NVIDIA (R) Nsight Compute Command Line Profiler
Copyright (c) 2018-2024 NVIDIA Corporation
Version 2025.1.0.0 (build 35237751) (public-release)
5. Verify the nsys version.
nsys --version
Output.
NVIDIA Nsight Systems version 2024.6.2.225-246235244400v0
Step 2 – Setting Up the Python Environment
To keep things organized and avoid package conflicts, we’ll create a dedicated Python virtual environment for our GPU profiling work.
1. Create a dedicated working directory for profiling experiments.

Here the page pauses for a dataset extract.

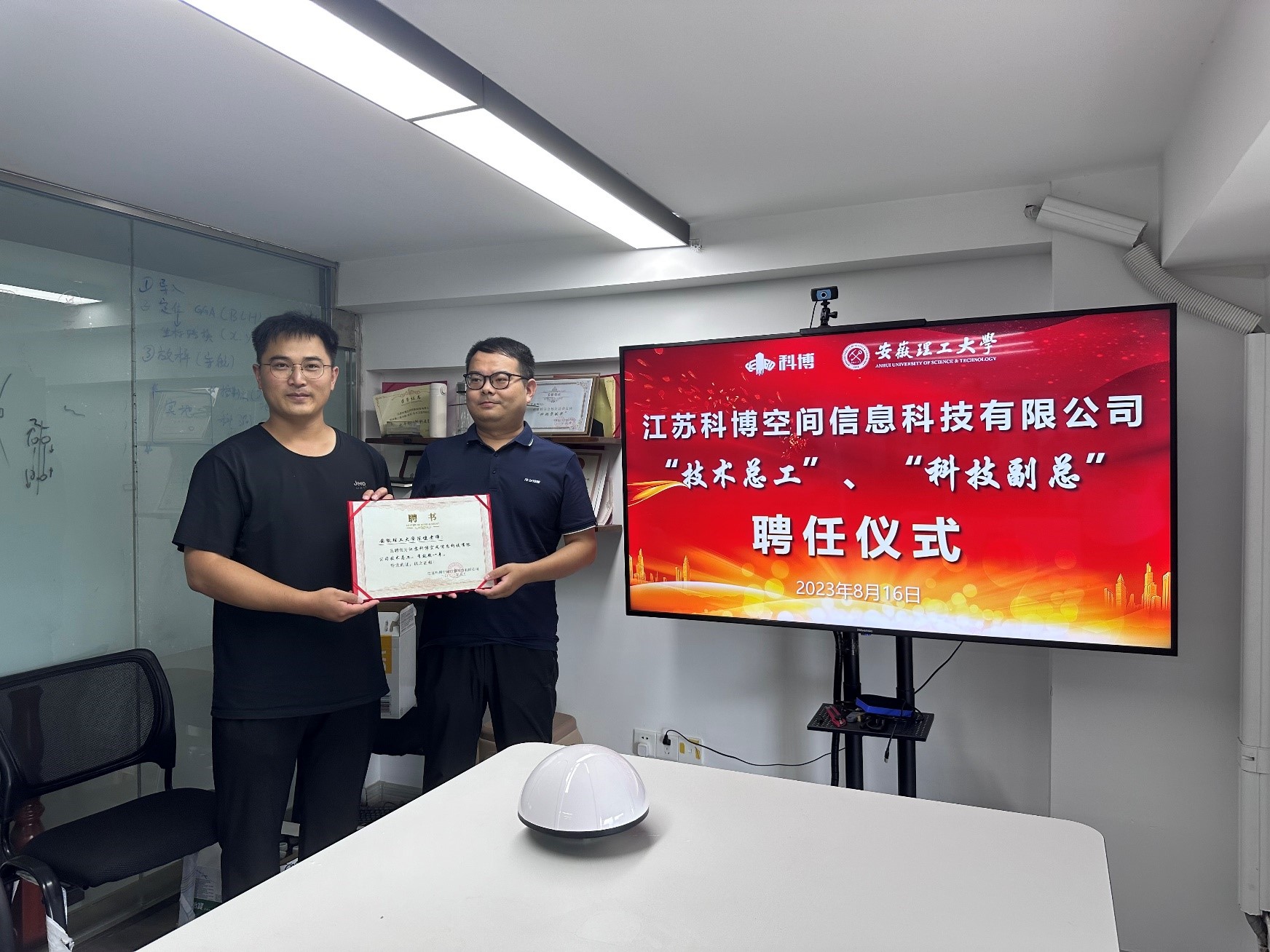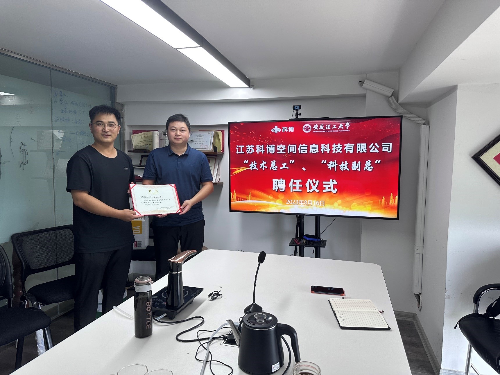 江苏科博空间信息科技有限公司技术部负责人王明明介绍了公司概括、北斗多源智能安全监测等业务,并就科技创新和岗位设置等进行了探讨。为了加强校企深度融合,促进科技协同创新,王明明为永利集团官网青年教师颁发了企业挂职聘书。

mkdir -p ~/gpu-profiling && cd ~/gpu-profiling
2. Create and activate the virtual environment.
python3 -m venv venv
source venv/bin/activate
3. Upgrade pip inside the virtual environment.
pip install --upgrade pip
4. Next, install PyTorch, torchvision, and torchaudio with CUDA 12 support.

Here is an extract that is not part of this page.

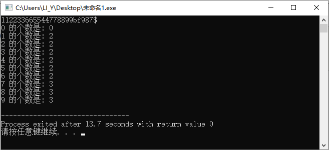 1 #include<stdio.h> 2 int main(){ 3 char str[100]; 4 int n[10]; 5 int i,j; 6 int len=0; 7 for(i=0; i<10; i++){ 8 n[i] = 0; 9 } 10 while(1){ //读取字符 11 scanf("%c",&str[len]); 12 len++; 13 if(len>=100 || str[len-1]=='$'){ 14 break; 15 } 16 } 17 for(i=0; i<len; i++){ //统计字符 18 if(str[i]>='0' && str[i]<='9'){ 19 n[str[i]-'0']++; 20 } 21 } 22 for(i=0; i<10; i++){ 23 printf("%d 的个数是: %d\n",i,n[i]); 24 } 25 return 0; 26 }

pip install torch torchvision torchaudio --index-url https://download.pytorch.org/whl/cu121
5. Once the installation completes, verify that PyTorch detects your GPU.
python - <<'PY'
import torch
print("CUDA available:", torch.cuda.is_available())
if torch.cuda.is_available():
print("Device:", torch.cuda.get_device_name(0))
print("CUDA capability:", torch.cuda.get_device_capability(0))
PY
Output.
CUDA available: True
Device: NVIDIA A40-16Q
CUDA capability: (8, 6)
6. Update your environment variables to include CUDA and Nsight tools in our PATH.
export PATH=/usr/local/cuda-12.8/bin:/opt/nvidia/nsight-compute:$PATH
Step 3 – Preparing a Sample Training Script for Profiling
To demonstrate GPU profiling, we’ll use a small CNN model with a synthetic dataset. This setup ensures that GPU activity is consistent and easy to interpret in profiling tools, without being slowed down by disk I/O or complex data processing.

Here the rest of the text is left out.